SUPPLIED INFORMATION Block Start

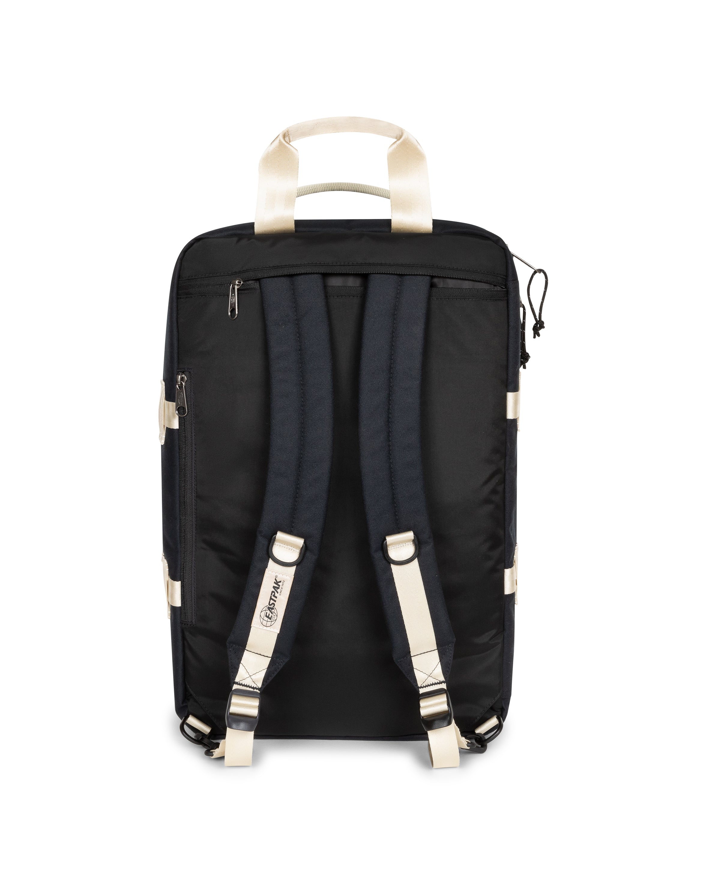 Our 2-in-1 luggage nods to our American heritage with vintage travel patches and the retro Eastpak logo. This versatile cabin bag can be carried as a backpack or hauled as a duffle bag. Use the built-in laptop sleeve to protect your tech when you're on the move.
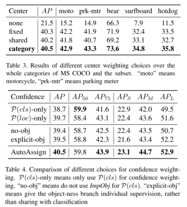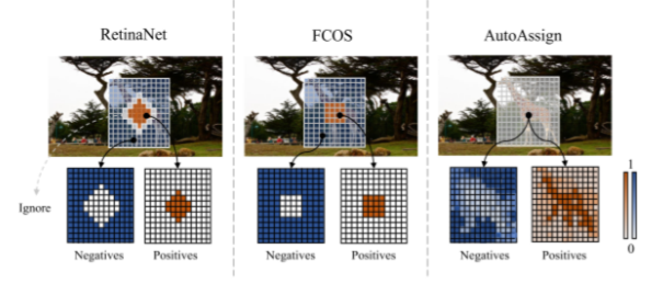 最近的AutoAssign在FCOS的基础上,通过引入ImpObj、Center Weighting和Confidence Weighting三个分支,将FCOS中根据空间和尺度定义正负样本的方式和center-ness分支都去掉,将label assign做的更加彻底,完完全全通过CNN学习自适应的label assign方式。
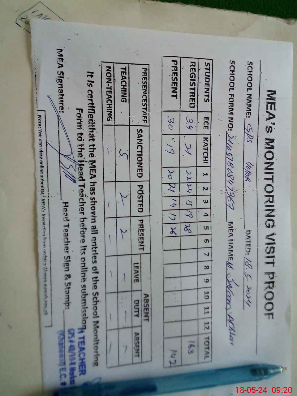 | Attendance Register | Head Teacher | MEA with School | Visit Proof |
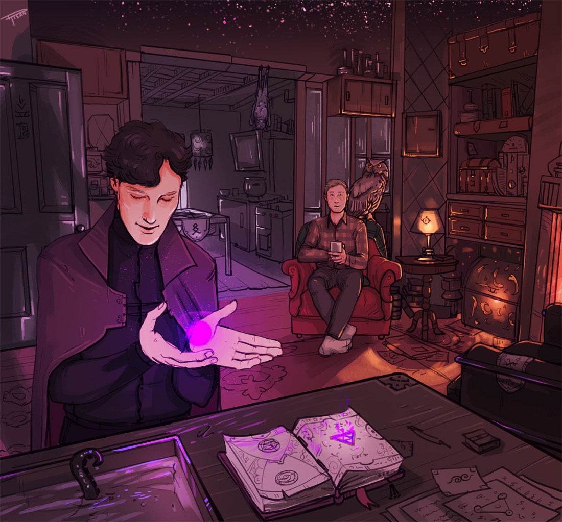 “Somewhere, across time and space in a little shop with a bell on the door and an owl sleeping in a cage of her own volition, John is in awe of Sherlock. He is still learning: a little witch, Sherlock calls him, and he allows it because he knows it is a reference to his years and his tutelage, not his size. Though John thought himself to be quite grown, knowing Sherlock has allowed him to realize how little his time on this earth has been. He is so ready for more of everything.”

SUPPLIED INFORMATION Block End

PROMPT:
Omit the pictures. Repeat the rest of the data exactly.

ANSWER TO THE EXERCISE:
 Our 2-in-1 luggage nods to our American heritage with vintage travel patches and the retro Eastpak logo. This versatile cabin bag can be carried as a backpack or hauled as a duffle bag. Use the built-in laptop sleeve to protect your tech when you're on the move.
 最近的AutoAssign在FCOS的基础上,通过引入ImpObj、Center Weighting和Confidence Weighting三个分支,将FCOS中根据空间和尺度定义正负样本的方式和center-ness分支都去掉,将label assign做的更加彻底,完完全全通过CNN学习自适应的label assign方式。
 | Attendance Register | Head Teacher | MEA with School | Visit Proof |
 “Somewhere, across time and space in a little shop with a bell on the door and an owl sleeping in a cage of her own volition, John is in awe of Sherlock. He is still learning: a little witch, Sherlock calls him, and he allows it because he knows it is a reference to his years and his tutelage, not his size. Though John thought himself to be quite grown, knowing Sherlock has allowed him to realize how little his time on this earth has been. He is so ready for more of everything.”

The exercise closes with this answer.